Every entry below should be written out exactly, and no image should appear.

- Dataset entries:
········

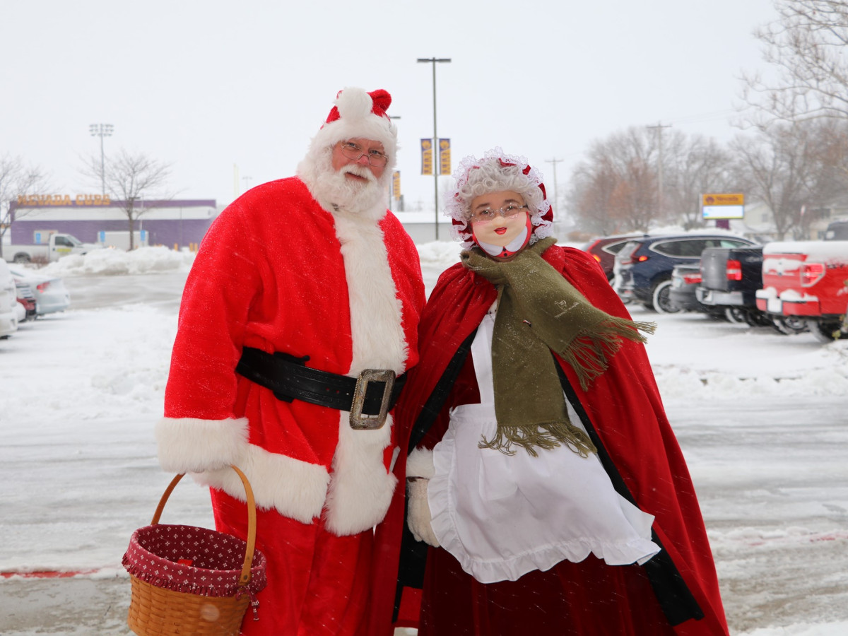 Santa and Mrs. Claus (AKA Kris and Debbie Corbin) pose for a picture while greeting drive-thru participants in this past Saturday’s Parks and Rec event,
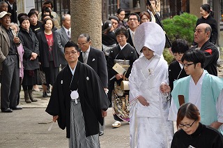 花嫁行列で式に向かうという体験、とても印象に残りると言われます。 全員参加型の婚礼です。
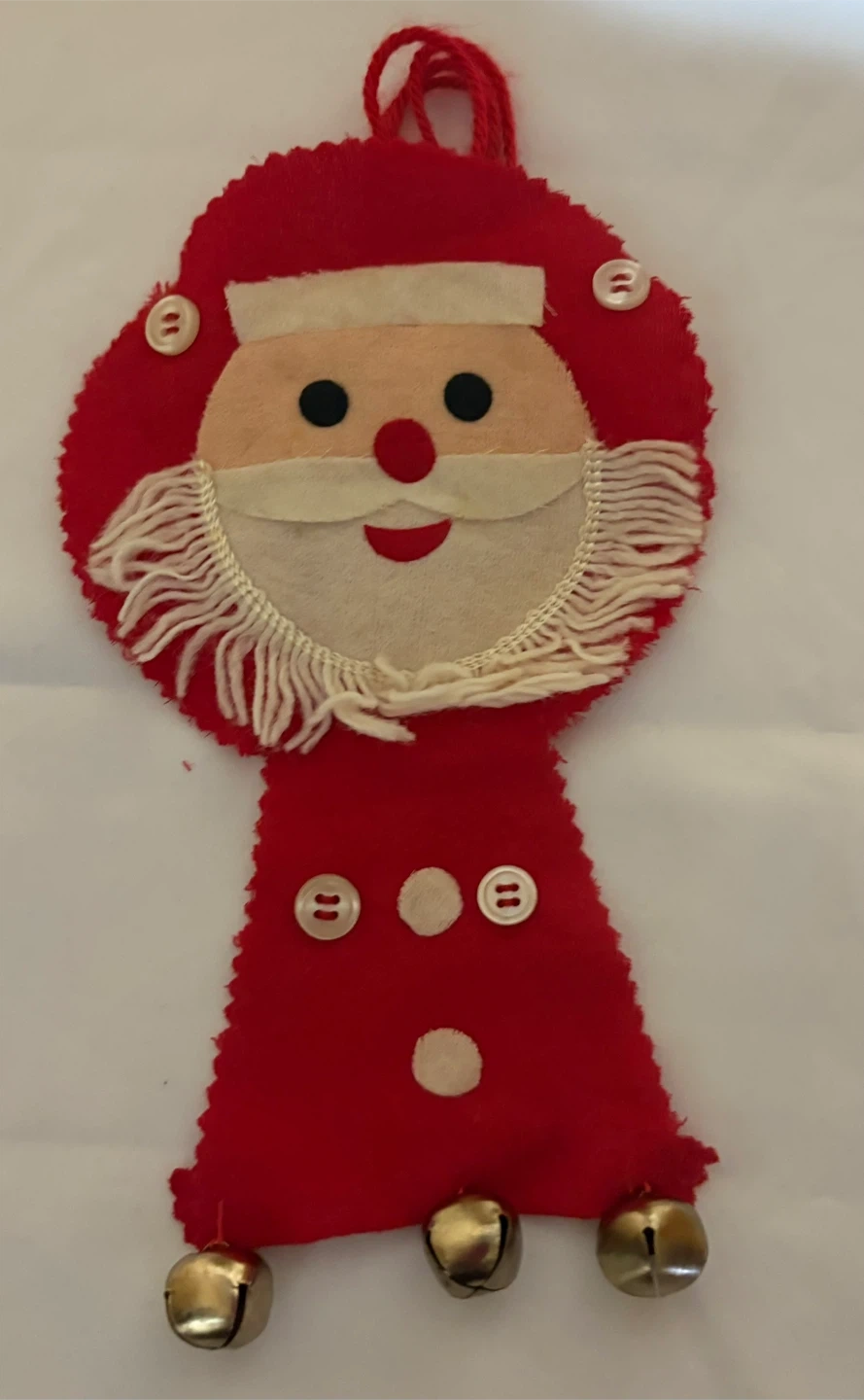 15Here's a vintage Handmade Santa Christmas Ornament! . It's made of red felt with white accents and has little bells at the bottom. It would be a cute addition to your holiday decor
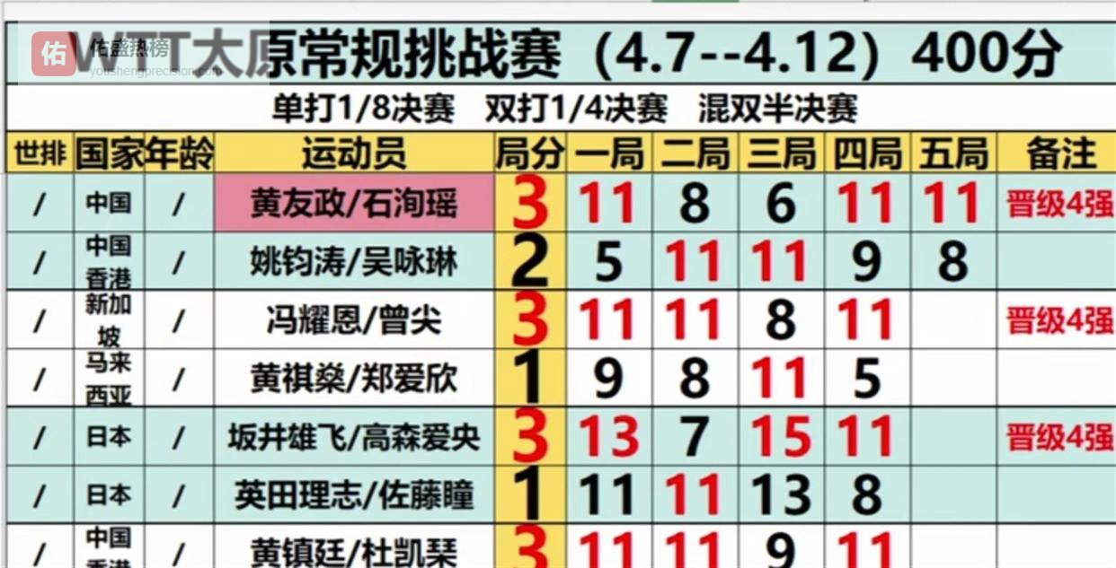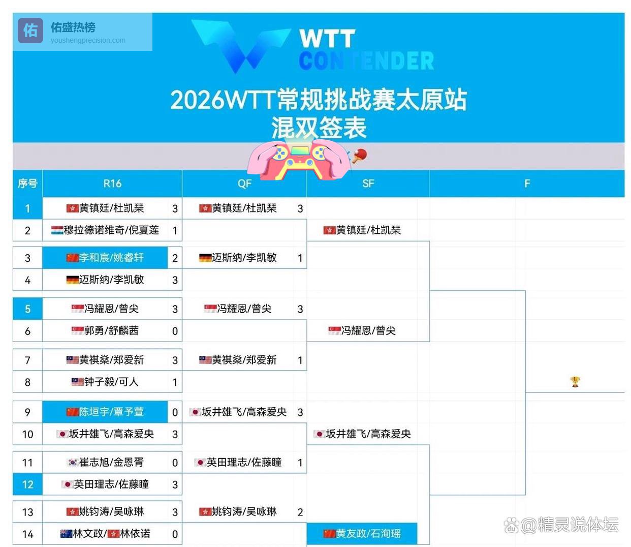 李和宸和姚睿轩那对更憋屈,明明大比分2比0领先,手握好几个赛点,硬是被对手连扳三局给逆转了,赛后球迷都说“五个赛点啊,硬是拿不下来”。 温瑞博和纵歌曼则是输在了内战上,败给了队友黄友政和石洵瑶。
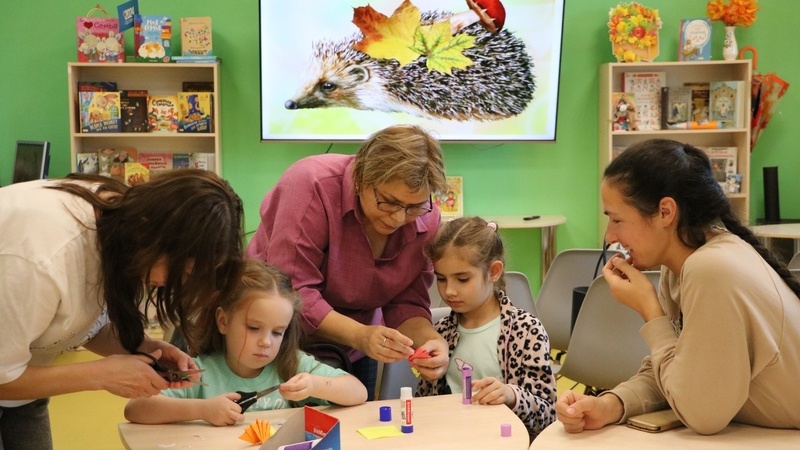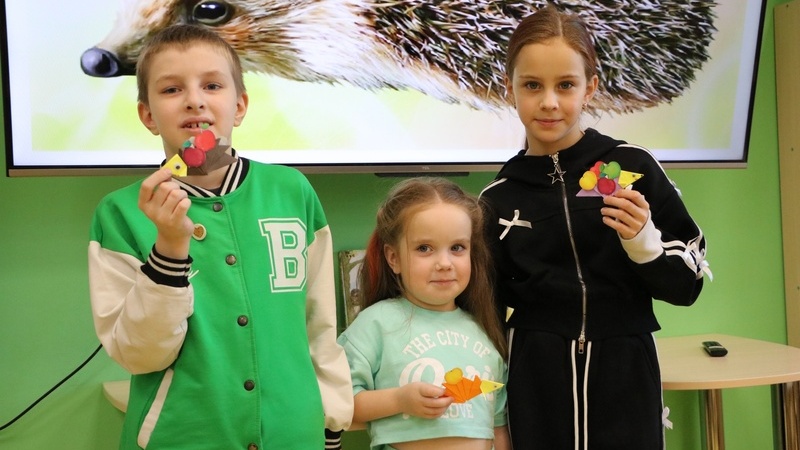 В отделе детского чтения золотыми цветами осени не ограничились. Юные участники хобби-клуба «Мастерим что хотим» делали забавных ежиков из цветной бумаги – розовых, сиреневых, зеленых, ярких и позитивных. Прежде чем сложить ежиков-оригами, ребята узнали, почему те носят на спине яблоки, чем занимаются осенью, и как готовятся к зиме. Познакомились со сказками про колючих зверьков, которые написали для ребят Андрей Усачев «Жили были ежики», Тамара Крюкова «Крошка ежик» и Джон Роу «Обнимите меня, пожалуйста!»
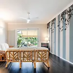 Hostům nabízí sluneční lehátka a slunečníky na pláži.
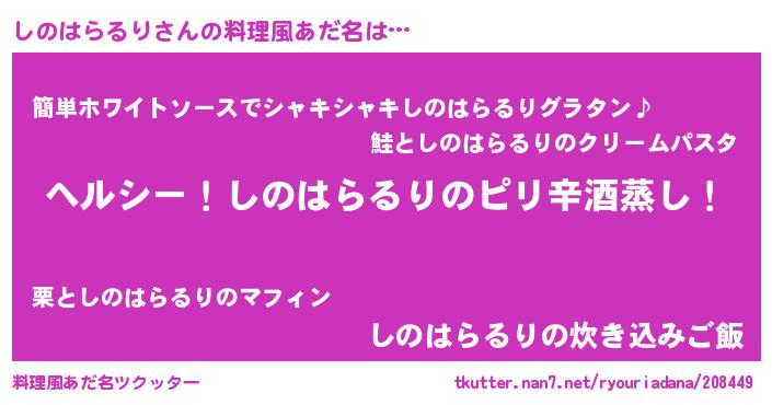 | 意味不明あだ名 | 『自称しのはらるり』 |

········

- Result of the task:
 Santa and Mrs. Claus (AKA Kris and Debbie Corbin) pose for a picture while greeting drive-thru participants in this past Saturday’s Parks and Rec event,
 花嫁行列で式に向かうという体験、とても印象に残りると言われます。 全員参加型の婚礼です。
 15Here's a vintage Handmade Santa Christmas Ornament! . It's made of red felt with white accents and has little bells at the bottom. It would be a cute addition to your holiday decor
 李和宸和姚睿轩那对更憋屈,明明大比分2比0领先,手握好几个赛点,硬是被对手连扳三局给逆转了,赛后球迷都说“五个赛点啊,硬是拿不下来”。 温瑞博和纵歌曼则是输在了内战上,败给了队友黄友政和石洵瑶。
 В отделе детского чтения золотыми цветами осени не ограничились. Юные участники хобби-клуба «Мастерим что хотим» делали забавных ежиков из цветной бумаги – розовых, сиреневых, зеленых, ярких и позитивных. Прежде чем сложить ежиков-оригами, ребята узнали, почему те носят на спине яблоки, чем занимаются осенью, и как готовятся к зиме. Познакомились со сказками про колючих зверьков, которые написали для ребят Андрей Усачев «Жили были ежики», Тамара Крюкова «Крошка ежик» и Джон Роу «Обнимите меня, пожалуйста!»
 Hostům nabízí sluneční lehátka a slunečníky na pláži.
 | 意味不明あだ名 | 『自称しのはらるり』 |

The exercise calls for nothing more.